Vacation

Tuesday, September 13th, 2005

I will be on vacation from this Friday (16-September) through the next week on the outer banks of North Carolina; I’ll return on Monday, 26-September. I do not intend to check e-mail at all during my vacation… If you need reviews for patches targeted at the 1.8 branch, please request them ASAP.

Usury

Monday, August 29th, 2005

Friday, I received in the mail a check for $5,000 from a bank I had never heard of before. My wife went through the mail, and when she read the fine print on this check, she discovered that it was actually a five-year loan, at 27.199% interest. In case you don’t have a financial calculator, the total cost of the loan would be $9,176.

Leaving aside the deceptive practice of disguising a contract in the form of an unsolicited check, this loan offer is a truly despicable form of usury. For some reason I don’t understand, it is no longer fashionable to call anything usury. But usury is not only immoral, it is still a crime in most states. Unfortunately, the U.S. congress gutted state laws against usury in 1980 by exempting federal banks from state usury laws. The did this under the guise of protecting banks against inflation, but it was actually a neoconservative triumph of laissez-faire economics over decency and justice.

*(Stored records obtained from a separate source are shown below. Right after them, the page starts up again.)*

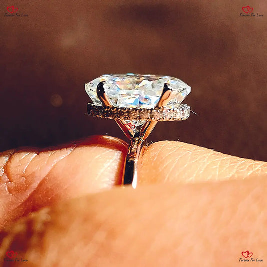 Bague de fiançailles en moissanite ovale | Or massif | Halo caché | Taille brillant
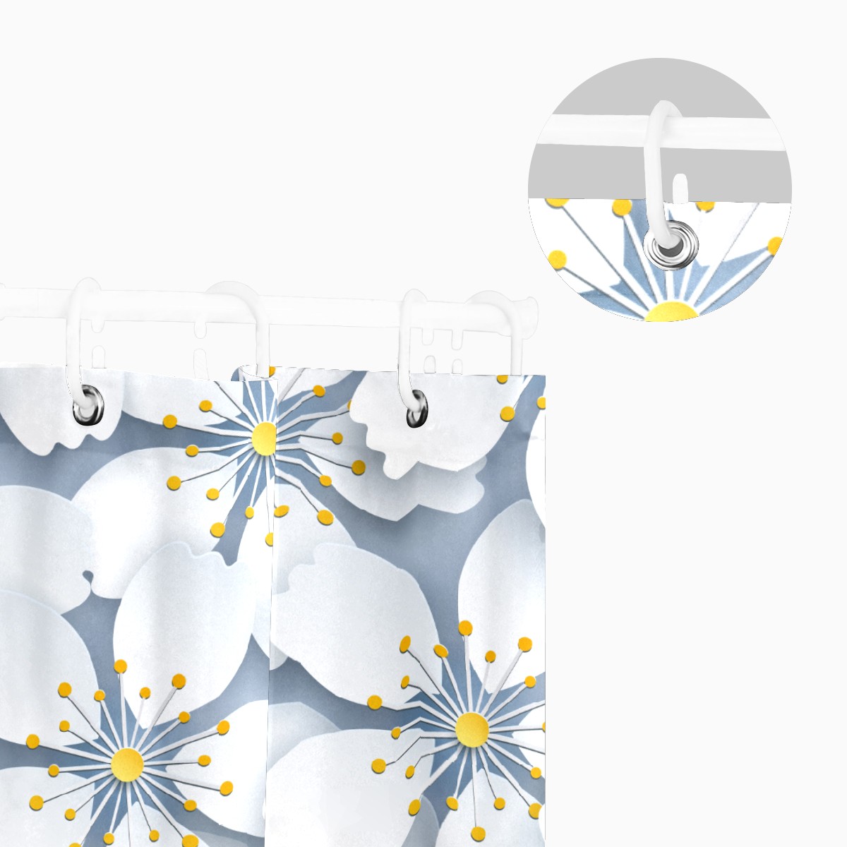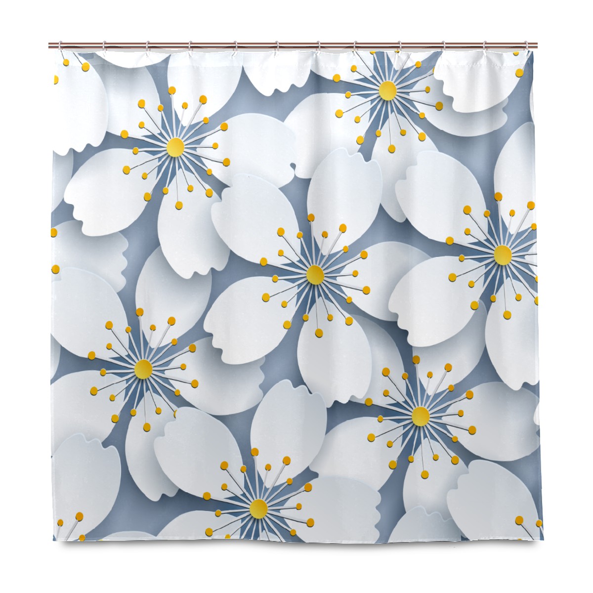 Shower Curtains for Bathroom Japanese White Cherry Blossom Pattern Waterproof Polyester Fabric 60 x 72 inches Decor Bathroom Curtains for Girls Boys with 12 Hooks
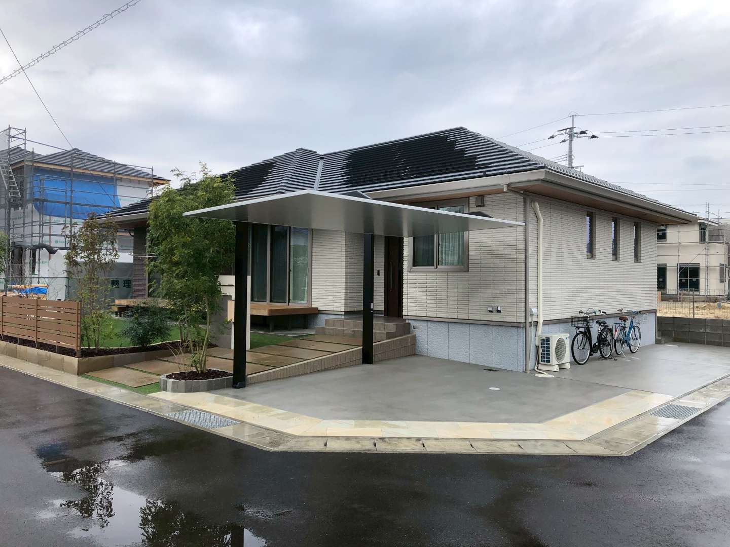 この度は新築外構工事をご用命いただき、誠にありがとうございました。 お住まいのこだわりの一つである「平屋」の魅力を最大限に引き立てるよう、カーポートの高さや門柱のバランスには特に配慮して設計いたしました。

It is amazing that Beneficial has posted a document on responsible lending practices which seems to be so much at odds with their actual practices. Just because this bank is probably not doing anything illegal does not mean that we should tolerate deceptive and usurious practices that prey on the poor, mentally retarded, and elderly. I encourage you to write to the bank and tell them what you think:

HSBC – North America
Corporate Headquarters
2700 Sanders Road
Prospect Heights, IL 60070

I also encourage you to write to your congressman and ask them to add them to toughen U.S. usury law so that state laws apply, or at least a reasonable interest limit is applied.

Nothing, in the Pursuit of Perfection

Saturday, July 9th, 2005

I have fallen into the most dangerous trap of a computer programmer: doing nothing in the pursuit of perfection. When I left my job at Saint Patrick’s I promised that I would have my new weblog running very soon, and promised an exciting new development to boot… which was silly of me, because I had great plans but no working code to go with those plans. So I have not had a weblog for almost six months, because I kept telling myself that I would get up one day and my new weblog software would magically write itself.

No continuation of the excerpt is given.